### RECORDS FOR PROCESSING
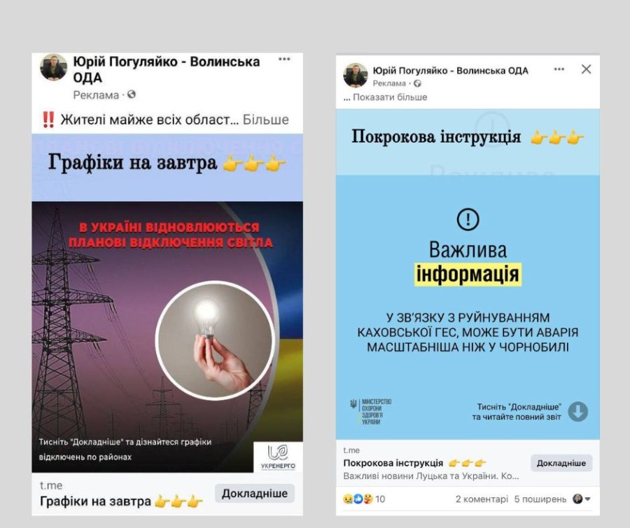 Усі ці дописи – неправдиві або ж маніпулятивні й стосуються тригерних (тобто тих, які чіпляють) і актуальних для українців тем – повісток, відключення світла, виплат, Каховської ГЕС. Більше того, усі ці неправдиві дописи містять посилання на телеграм-канали, на які нібито «треба» підписатися, аби про щось дізнатися, отримати покрокову інструкцію про те, як отримати допомогу, побачити графіки відключень світла тощо.
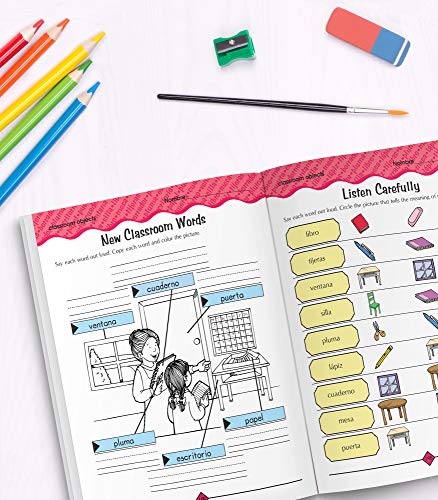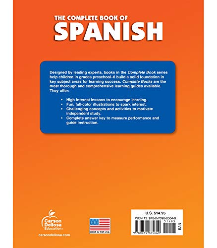 Workbook Features: * Ages 6-9, Grades 1-3 * 352 pages, 10 1/2 inches x 8 inches * Topics covered: Spanish alphabet, expressions, parts of speech, culture, and more * Includes a poster and motivational stickers * Answer key, learning cards, and glossary included Focused Practice: Carson Dellosa’s Complete Book of Spanish Workbook helps first through third grade Spanish learning students build Spanish fluency in reading, writing, and speaking through engaging activities and lessons. What’s Included: The Spanish for kids workbook includes a colorful poster and motivational stickers to encourage students on a job well done. The book also includes hands-on activities, reviews, learning cards, songs, a glossary, and an answer key. How It Works: This 1st-3rd grade workbook features lessons and engaging activities to help students learn vocabulary, common phrases, pronunciation, and more. Students also learn about cultural foods, songs, celebrations, and more. Working Together: Parents love using the workbook for added practice from home, and teachers love to incorporate it into hands-on Spanish lessons. Use the learning cards for additional practice and track student progress with the answer key. Why Carson Dellosa: For more than 40 years, Carson Dellosa has provided solutions for parents and teachers to help their children get ahead and exceed learning goals. Carson Dellosa supports your child’s educational journey every step of the way.
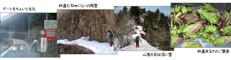 林道から残雪が始まり、結構足をとられてしまいます。これが、登山道に入ると、雪に薮こぎで危険なポイントも多いです。特に山頂手前からは、あまりの雪の多さに吃驚です!場所によっては「腰」まで埋まるほどです。流石に両足がはまると焦ってしまいます。
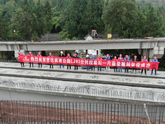 2019年4月8日完成新店樞紐互通施工區(qū)域的土地和房屋征拆協(xié)議簽訂;6月5日成功實現(xiàn)巴南廣高速封道施工,4座下穿現(xiàn)澆橋梁拉開施工大幕;8月6日,新店互通樞紐主線橋首片箱梁架設(shè)成功;11月7日,新店互通樞紐主線橋最后一片箱梁架設(shè)成功;11月14日,主線路基完成交驗;11月18日,最后一聯(lián)現(xiàn)澆箱梁順利完成澆筑;今日,順利完成新店樞紐互通最后一片梁板架設(shè)任務(wù)。一個個難關(guān)被攻克,一個個捷報傳來,全體參戰(zhàn)人員無不歡呼鼓舞。
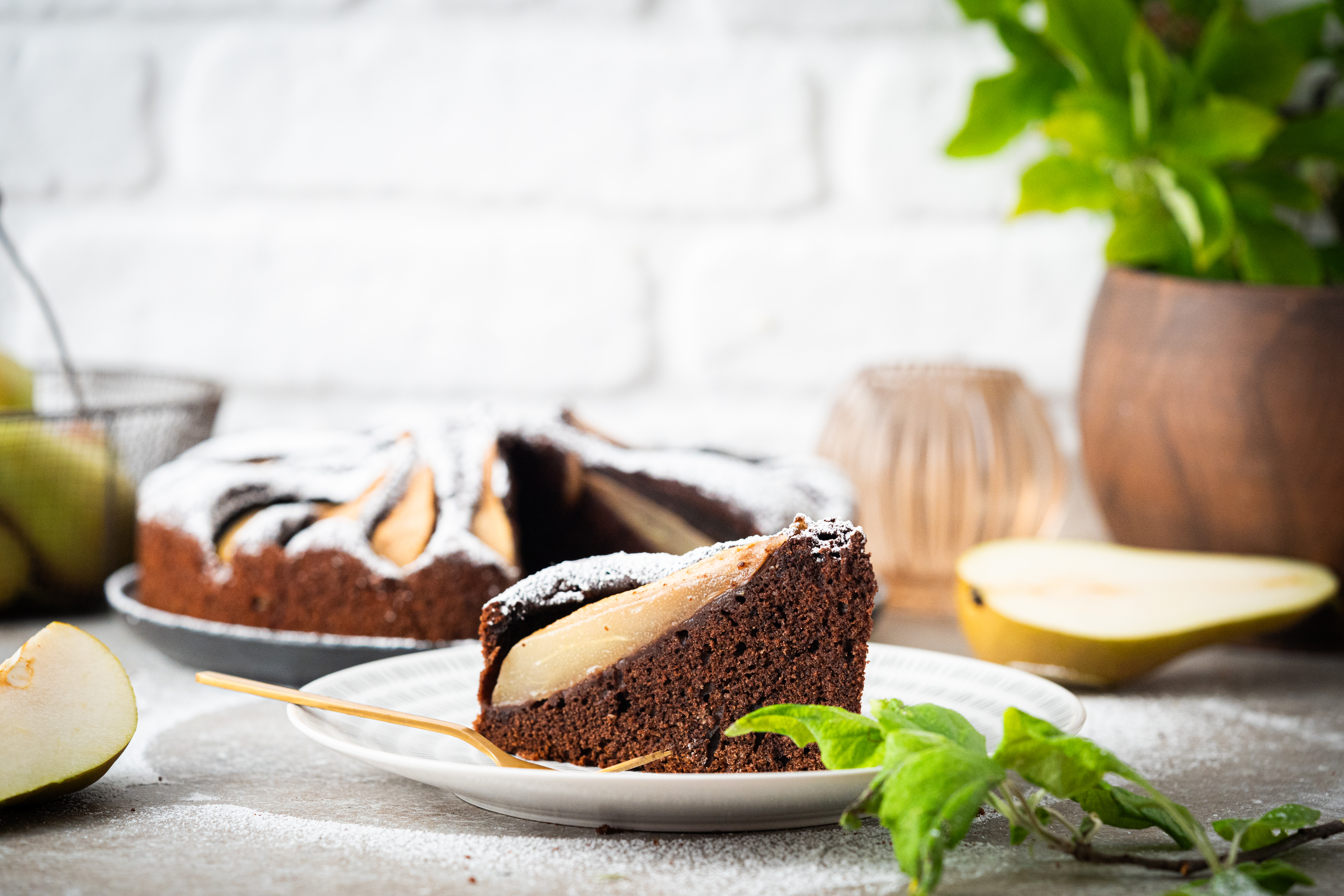 Nun den Kuchen mit den Birnen belegen und für 50 Minuten backen.
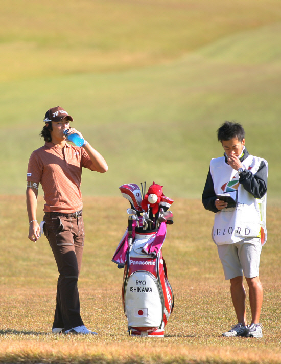 이시카와 료는 18일 천안 우정힐스골프장에서 열린 대회 1라운드에서 버디 2개 보기 4개 더블보기 1개를 묶어 4오버파 75타를 적어내며 40위권에 머물렀다. 특히 3퍼트를 3차례나 하며 더블 보기도 적어내 퍼트 라인 적응에 적잖은 어려움을 겪었다.
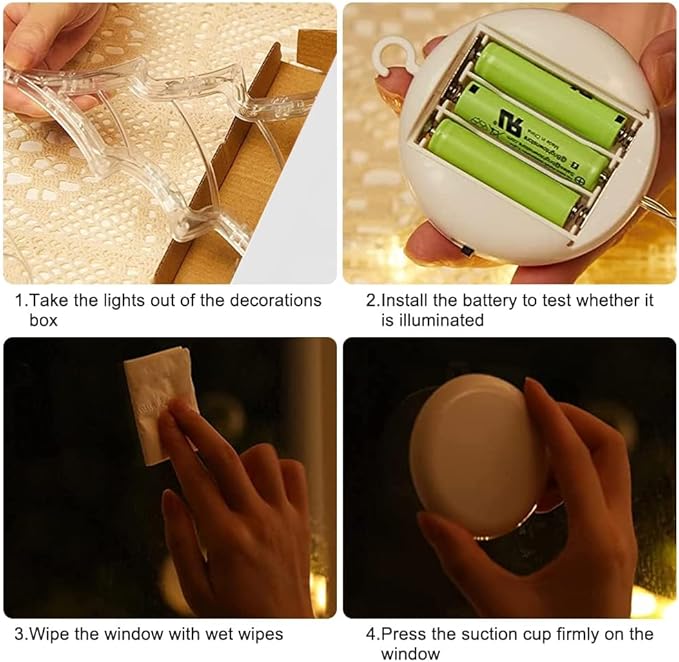 - 🌟【Usage Guide】These Christmas window lights can be easily attached to any smooth surface such as ceramics, windows, mirrors, glass, metal, etc. Please make sure the suction cup is clean before installation and add appropriate water to increase adhesion. If you want to use them on rough surfaces you can use some tape.
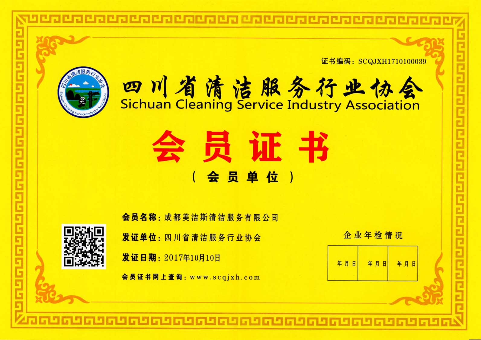 熱烈祝賀公司正式成為四川省清潔服務(wù)行業(yè)協(xié)會會員單位
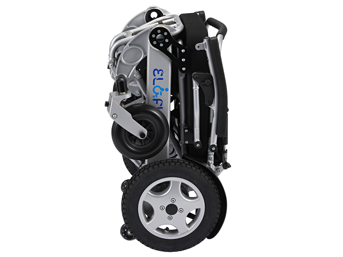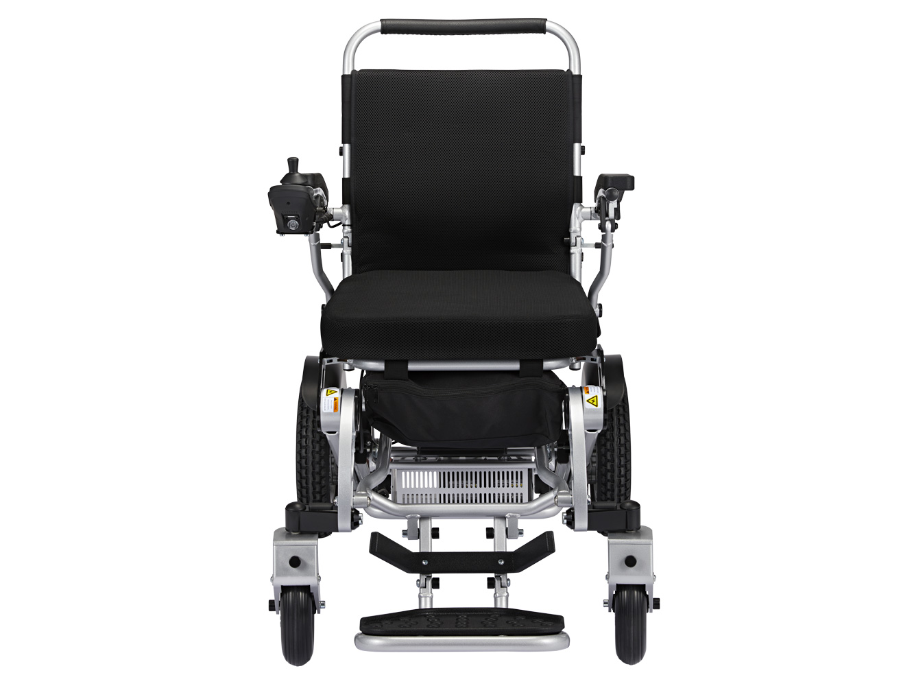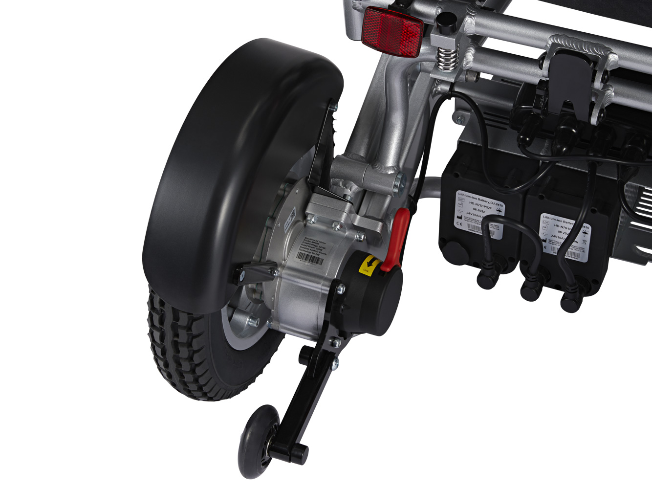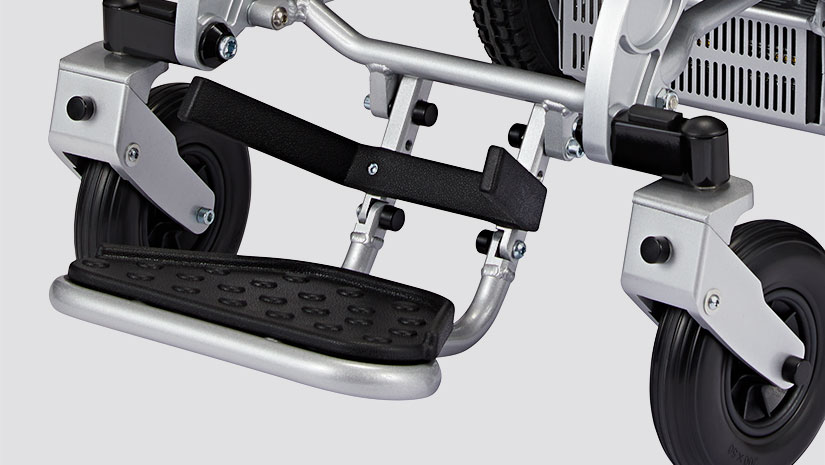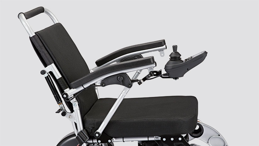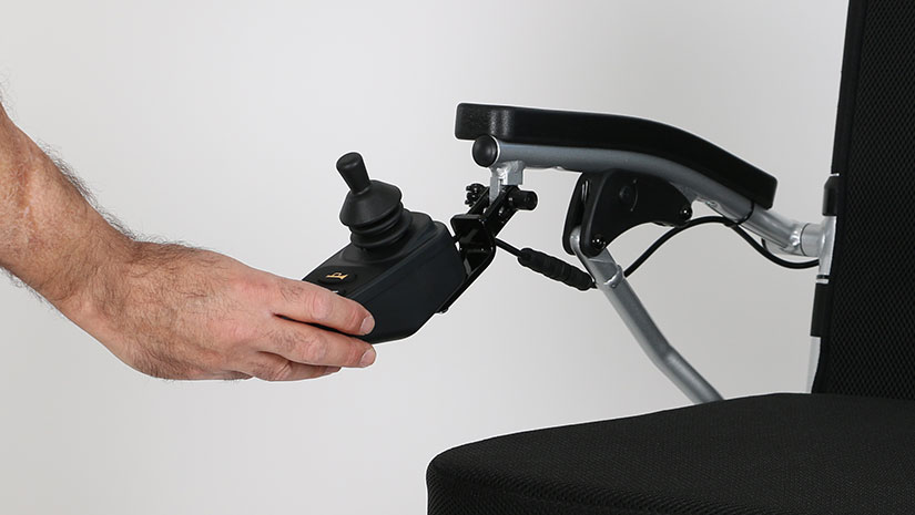 Det er lagt stor vekt på ergonomi og brukervennlighet. Det smarte joystick-festet legges ned og fører deg nærmere kanten av bordet, og fotstøtten legges pent bort når du sitter eller står. Store luftfylte bakhjul og fjærbelastet demping i forakselen sikrer god støtdemping, selv på ujevne underlag.
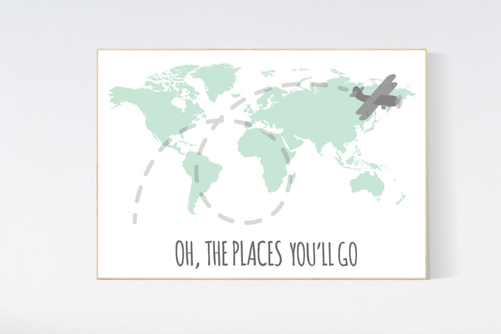 Mint nursery decor, Oh the places you'll go, World Map wall art, world map nursery, world map wall art, gender neutral nursery decor, mint

### WHAT YOU HAVE TO DO
What is needed is a verbatim copy of the lines running from the one with "熱烈祝賀公司正式成為四川省清潔服務(wù)行業(yè)協(xié)會會員單位" through the last line of the listing above, excluding any pictures.

### ANSWER SPACE
 熱烈祝賀公司正式成為四川省清潔服務(wù)行業(yè)協(xié)會會員單位
 Det er lagt stor vekt på ergonomi og brukervennlighet. Det smarte joystick-festet legges ned og fører deg nærmere kanten av bordet, og fotstøtten legges pent bort når du sitter eller står. Store luftfylte bakhjul og fjærbelastet demping i forakselen sikrer god støtdemping, selv på ujevne underlag.
 Mint nursery decor, Oh the places you'll go, World Map wall art, world map nursery, world map wall art, gender neutral nursery decor, mint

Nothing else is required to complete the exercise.